Please note: If you've identified an XSS issue (especially on on our www site), please make sure it is actually exploitable beyond Burp Suite or whatever you're using. If you can't reproduce the XSS in a browser, we will likely consider it self-XSS, and an invalid submission.

A Note about CSRF

If you're reporting a CSRF issue and your POC includes the CSRF token, we will assume that you don't understand what CSRF issues are, nor how CSRF prevention works. Please, please don't report a CSRF vulnerability if your POC includes the CSRF token. (If you can get the CSRF token from a victim, show that.) We know everybody starts somewhere, and everybody can overlook things when submitting reports, but we see this one more often than we'd like :)

Out of Scope: Other *.foxycart.com or *.foxy.io Domains

Foxy customer sites and applications are out of scope for this program.

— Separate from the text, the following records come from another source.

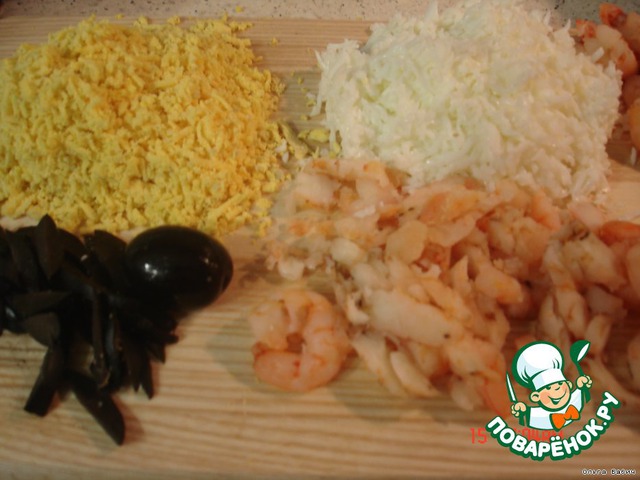 потрем белок яиц отдельно,желток отдельно,порежем маслинки соломкой,креветки кусочками,лук мелко.
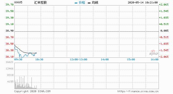 匯豐控股(00005) 38.50元 跌1.03%
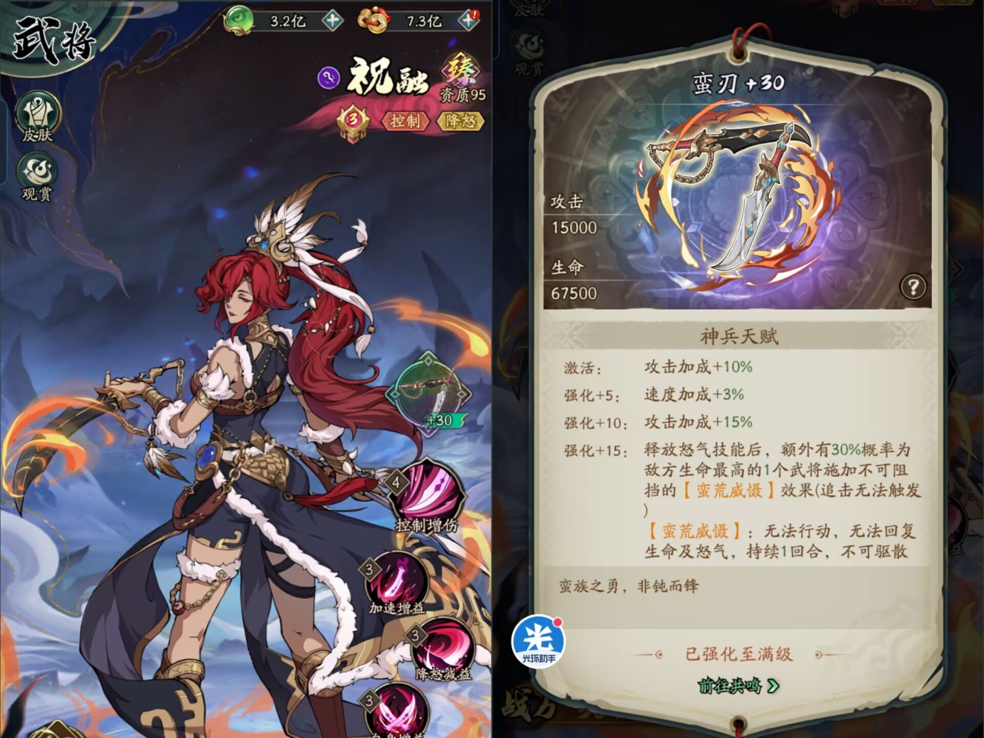 掌控:必带提高祝融的控制几率。
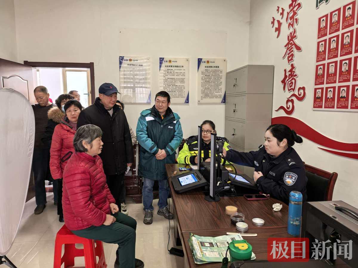 3月18日,在谷城县石花镇杨溪湾集中办证点,流动服务主力队快速搭建临时便民服务驿站,现场铺开采集设备,一站式完成人像拍摄、指纹录入、信息核验、业务受理全流程。民警耐心引导村民有序排队,细致讲解证件补办、到期换领、邮寄送达等惠民政策,同步解答户籍迁移、社保关联等常见疑问。在高龄老人邓某家中,小分队民警化身贴心“专属办证员”,俯身帮老人整理衣领、调整坐姿,反复优化拍摄光线与角度,用细致举动化解群众紧张,用暖心服务攻克办证难题。
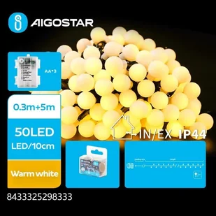 Lampki choinkowe Aigostar Lampki choinkowe mleczne żarówki na 3 baterie AA, Ciepła biel, 5m Taśma świetlna mleczne żarówki na 3 baterie AA, Ciepła biel, 5m
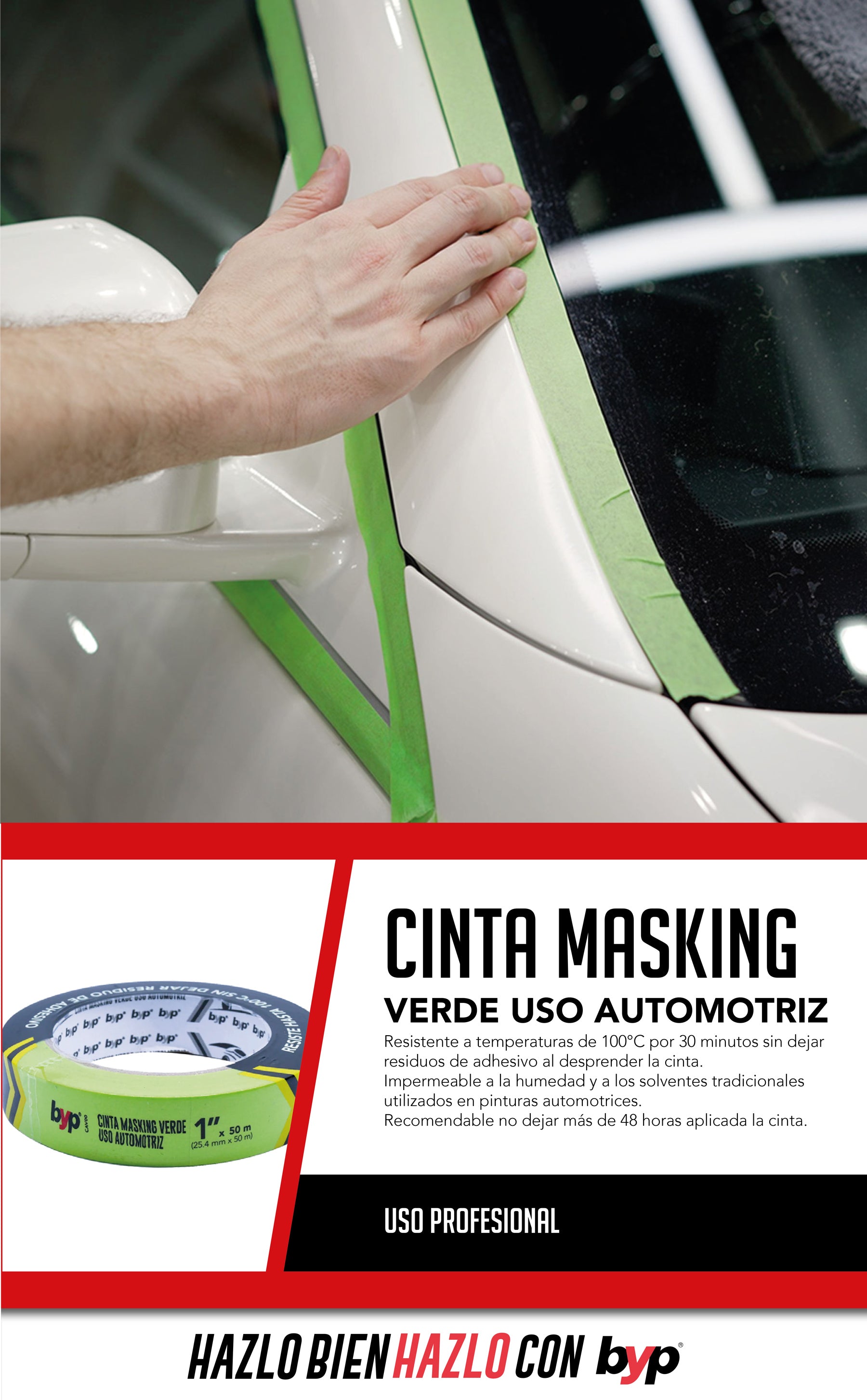 - Resiste procesos de horneo en cabinas de pintura de hasta 100°C por 30 minutos sin dejar residuos de adhesivo al desprender la cinta
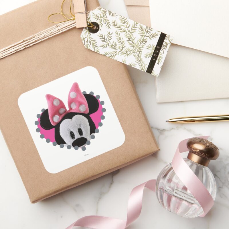 Pook A Looz Minnie Peeking Square Sticker vinyl sticker, waterproof durable collectible sticker for laptop, phone, bottle, bike, notebook, helmet, and accessories.
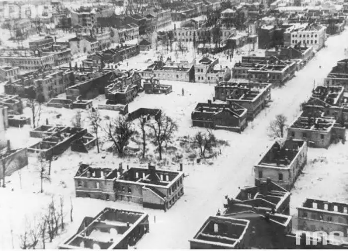 Советские войска, освободив 20 января 1944 г. Великий Новгород, нашли город полностью разрушенным и безлюдным. Из 2500 жилых домов уцелели только 40. Были уничтожены или сильно пострадали почти все памятки архитектуры, в том числе Софийский собор, а также памятник "Тысячелетие России". К моменту освобождения в городе осталось только 30 жителей — остальные были либо угнаны в Германию, либо были убиты оккупационными войсками.
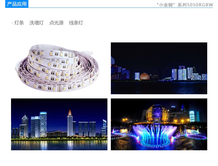 小金钢系列5050rgbw LED灯珠应用:灯条、洗墙灯、点光源、线条灯
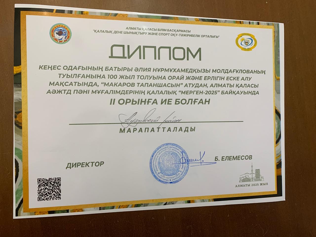 Алматы қаласы білім басқармасы «Қалалық дене шынықтыру және спорт оқу – тәжірбиелік орталығы» Кеңес одағының батыры Әлия Нұрмұхамедқызы Молдағқлованың туылғанына 100 жыл толуына орай және ерлігін еске алу мақсатында, «Макаров тапаншасы» атудан, Алматы қаласы АӘЖТД пәні мұғаләмдерінің қалалық «мерген – 2025» байқауында II орынға ие болған Ғ.Мүсірепов атындағы №86 мектеп-гимназиясының АӘЖТД пәні мұғалімі подполковник Тұрсынұлы Айбар Хамитжановичті құттықтаймыз!!!
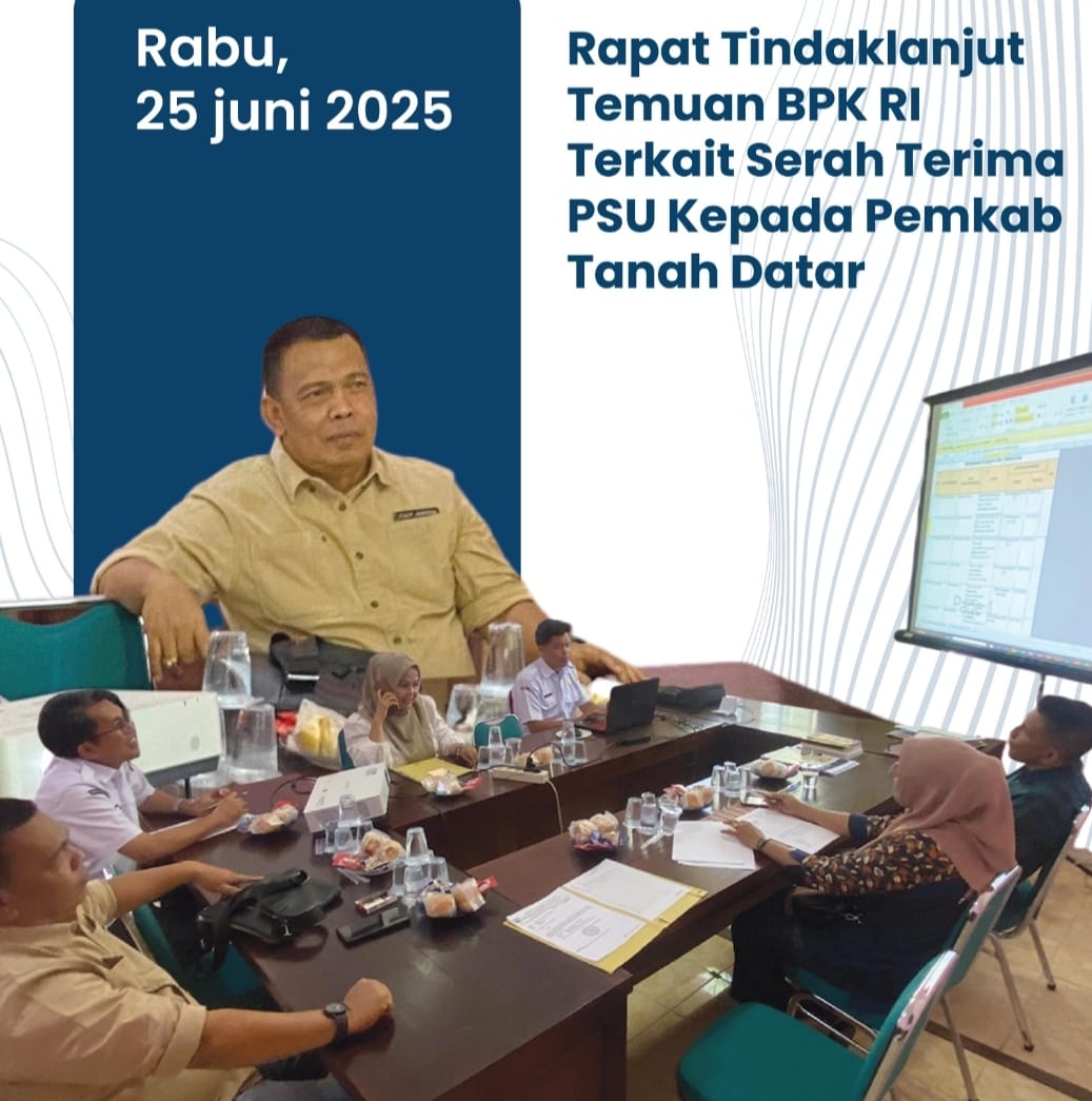 Tanah Datar, Jurnal Minang. Kepala Kantor Pertanahan Kabupaten Tanah Datar, Ardinal Yulti, S.SiT., menghadiri rapat koordinasi bersama Sekretariat Daerah Kabupaten Tanah Datar dalam rangka menindaklanjuti temuan Badan Pemeriksa Keuangan (BPK) Republik Indonesia terkait prasarana, sarana, dan utilitas umum (PSU) perumahan yang belum diserahterimakan kepada Pemerintah Kabupaten Tanah Datar.
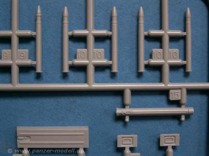 Das ganze Fahrwerk ist schön gestaltet, allerdings muss man hier für Lenkeinscglag wieder selber das Skalpell ansetzen. Der Innenraum ist hervorragend dargestellt mit beiden Fahrerplätzen und sehr schönen Details und dem entsprechenden Aufbau und Zubehör für die 7,5cm PaK. Bei der PaK ist alles enthalten, was man von den bisherigen PaK Bausätzen bereits gewohnt ist - vom Alurohr, detailierter Aufhängung und Verschluss bis zur Auswahl von 3 Mündungsbremsen - dazu ein schönes Set an Plastikmunition, Munitionskisten und Einzelverpackungen vom feinsten. Was mir persönlich aber fehlt sind passende Figuren für den Innenraum.
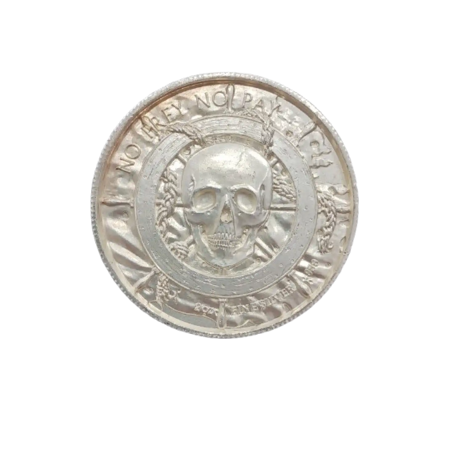 Embrace the allure of the Golden Age of Piracy with the captivating Silver 2 oz Pirates: No Prey No Pay Round . This masterpiece depicts a fearsome skeleton head of a pirate and features the iconic phrase "No Prey No Pay." Celebrate the spirit of adventure and add this unique investment-grade silver round to your treasure trove. A true gem for pirate enthusiasts and silver collectors alike.
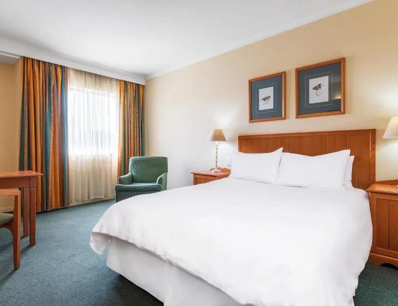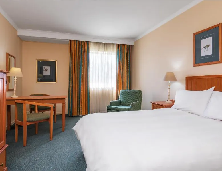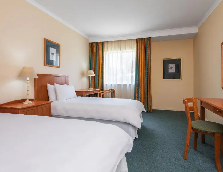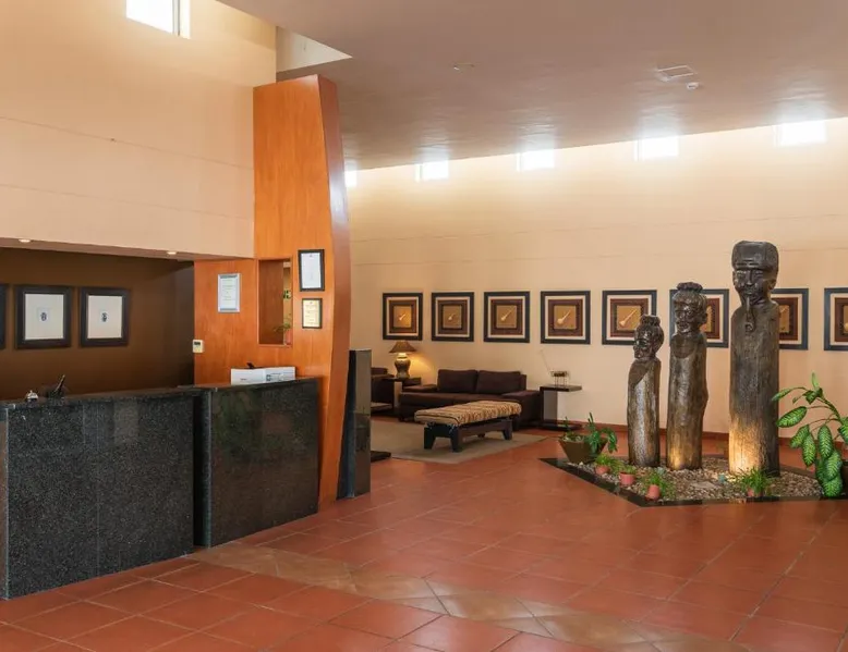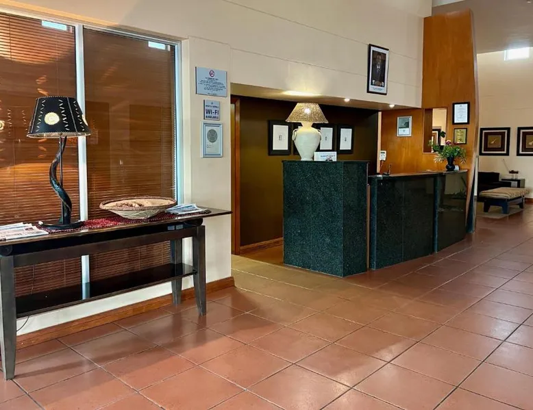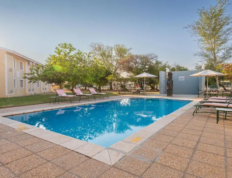 Comfortable Accommodations: Protea Hotel by Marriott Ondangwa in Ondangwa offers comfortable rooms with air-conditioning, private bathrooms, and free WiFi. Each room includes a work desk, TV, and complimentary toiletries. Dining and Leisure: Guests can enjoy a family-friendly restaurant serving African and international cuisines, a bar, and a year-round outdoor swimming pool. Additional facilities include a hot tub, casino, and 24-hour front desk. Convenient Location: Located 2.5 mi from Andimba Toivo ya Toivo Airport, the hotel is near Nakambale Museum (8.7 mi) and Oshakati Golf Club (21 mi). Free on-site private parking is available. This double room has air conditioning, a tea and coffee maker, a flat-screen TV with satellite channels and pool views. The unit has 2 beds.
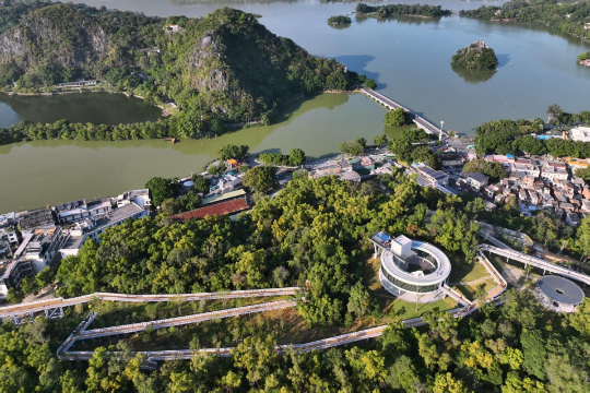 记者在走访七星湖畔的岩前社区时了解到,该社区结合典型镇村(社区)建设,正谋划建设岩前象岗绿美点。目之所及,一条云道穿山而过,如飘逸丝带轻绕山脊,将山、湖、城、林串联起来,把星湖美景与街巷小景连为一体。走上云道的终点,是一座观景台。登上观景台后,北面的山林与七星湖,以及环绕绿美点的端州城区、湖、城、林尽收眼底。不时有白鹭低空飞过湖面。

You can create a free test account at admin.foxycart.com if you'd like to test the cart and checkout flow itself. Please don't test our users.

For vulnerabilities found at the following subdomains, we make a distinction between the underlying system and our own modifications. For example, we use Dokuwiki for our wiki. If you find a security issue in our implementation of Dokuwiki, that may be valid and eligible for a reward from us. But an issue with Dokuwiki itself should be reported to them.

Note also that some of these domains are on shared hosts, or other environments we don't control. As such, certain ports may be open and/or services accessible. We don't necessarily control infrastructure for all of these domains, so feel free to report, but we'll most likely mark reports as informative unless it's something we actually have control over.

Program rules

This program follows Bugcrowd’s standard disclosure terms.

This program does not offer financial or point-based rewards for P5 — Informational findings. Learn more about Bugcrowd’s VRT.

This bounty requires explicit permission to disclose the results of a submission.